Yes! Fortunately, I did have my name in the back. But I never anticipated that someone would so adamantly think it was some other color. I could understand someone calling it blue, but not "definitely not green".
There's a wall at my parents house which to me always looked green. I referred to it as green and my sister and mother seemed to get downright angry, insisting it was blue. I don't really care either way, it just looks green to me. I can't stop seeing it as green.
If you were to analyze the wavelengths of light the wall, or your notebook, consist of, you'll find a certain amount of blue and a certain amount of green. The thresholds which are detected by our eyes, and the thresholds relative to that where we subjectively determine the dominant color, has high variance.
But people take their subjective perception dead serious, since their perspective is the only one which matters.
Technically, the color of that notebook is closer to "teal" than "green" or "blue", which is a color kinda halfway between blue and green (fancy that).

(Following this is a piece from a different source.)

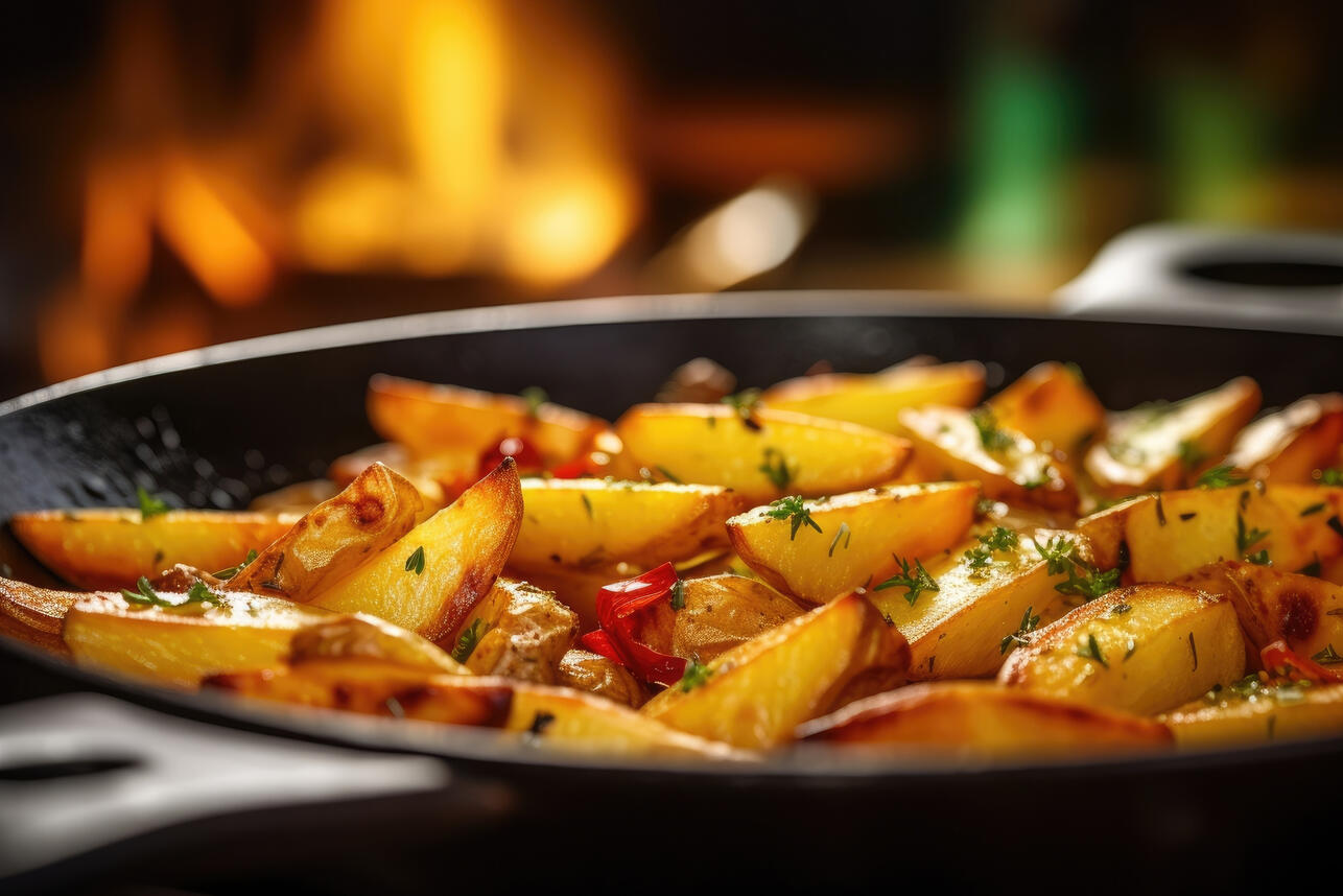 Сковородка — это главный союзник в жарке картошки. Неправильно подобранная посуда может привести к тому, что картошка прилипнет или же во время жарки просто вывалится из сковороды. Оптимальным выбором будет массивная сковорода с толстым дном и высокими стенками, которая обеспечивает равномерное нагревание и удерживает кусочки картофеля на месте.

From the "uninterested big-box store employee" perspective, though - I would think it to be more likely described as "green", not "blue". Maybe "turquoise" if they know what that is (of course, if they get that fancy with their colors, they just might say "teal" as well).
But if we were looking at this on an RGB scale, it wouldn't be #00F - it would be closer to #0F0 - possible something like #088 - which amazingly:
FWIW - glad it was returned to you, but I don't understand how they could think it to be "blue".
Then again, that whole dress thing - and a whole slew of other research on how people perceive (and describe) colors - definitely show it's possible...sigh.
Your situation specifically brings up the interesting distinctions (or lack thereof) between blue and green throughout history and across cultures. If you haven't already heard of it you should google it yourself, but here's a Wikipedia article that touches on it: https://en.m.wikipedia.org/wiki/Blue–green_distinction_in_la...
Even that doesn't fully specify the problem since we don't know the prior probability of a random car being blue. Reword the question to be "rainbow", "chartreuse" or some other less common car color and the probability should go down.
I don't think this can really be answered. The mathematical probability arguments are ignoring important implications of the result.
If 999 out of 1000 said it was blue, you could dismiss the last guy as crazy or blind or something. But 10% providing a different answer means something strange is going on. Maybe the color is some borderline shade, or the lighting is weird, or people are being coerced, or.... Without more information, we can't really tell what's going on, so the answer pretty much has to be "who knows?"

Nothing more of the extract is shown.